Pecadores que han tirado a la basura del mundo, de donde han sido sacados por gracia, todas sus justicias, sus cualidades, y todo lo que en ellos representa para el mundo algo que, de algún modo, se concierta con lo más excelente de él. Para el cristiano estas excelencias son consideradas como estiércol (Filipenses 3:8).


Nuestra suficiencia proviene de Dios que nos reconcilió consigo mismo por medio de nuestro Señor Jesucristo (2 Corintios 5:19). Ese es nuestro honor, nuestra excelencia, nuestra seguridad, y todo lo que hay de bien en nosotros. No necesitamos nada más. La buena obra adorna y confirma nuestra vocación y elección (2 Pedro 1:10). Eso es todo. Cristo es todo eso en nosotros, y Él hace todo lo excelente en nosotros.
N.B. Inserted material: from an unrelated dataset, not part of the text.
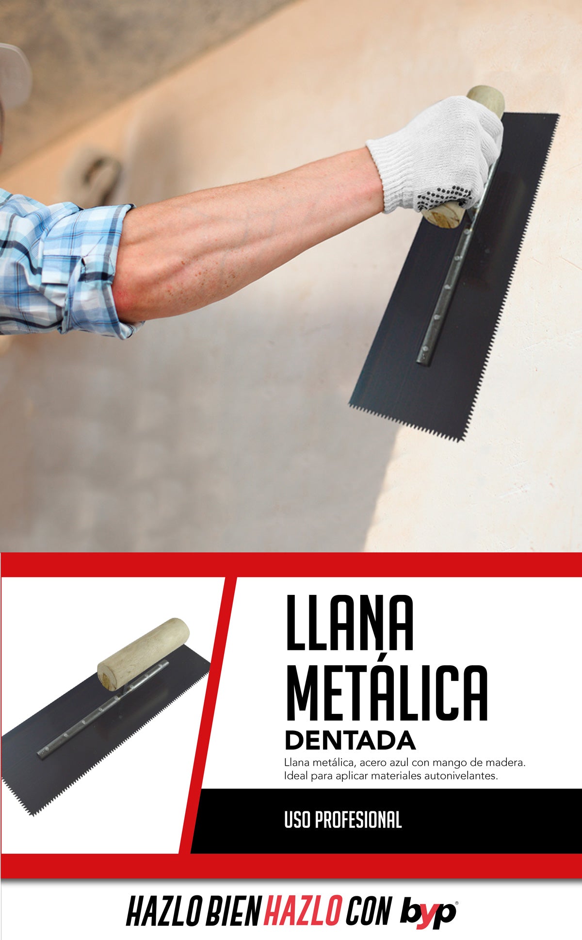Llana metálica, acero azul con mago de madera. Ideal para aplicar materiales autonivelantes.

En Dios solamente se aquieta nuestra alma (Salmo 62). ¡Ay del que confía en otra roca, en otro brazo, en otro poder de salvación! Somos de Dios, y eso nos basta. El es nuestra vida, nuestro consuelo, nuestra alegría y nuestra gloria presente y futura. Confesamos a Dios Padre, a Cristo el Hijo, y vivimos siendo morada del Espíritu Santo. He aquí la diferencia.


AYUDA DE JESÚS.

En mis noches de angustia y de tristeza
Has sido tú mi alivio, Jesús mío,
Cuando ya deprimido triste y frío,
Tu consuelo ofreciste a mi flaqueza.

Solo tú, mi divina fortaleza,
Amante y fiel auxilio en mi extravío,
Eres el único que con tu  poderío
Ahuyentas el pavor de mi cabeza.

¿Que dicha encontrará ningún humano
Lejos de ti, en afán desesperado,
Que próvido no dé tu amor sagrado?

En ti camino, mi celeste hermano;
De pérfidas querellas despojado,
Radiante al gran final que tú has forjado.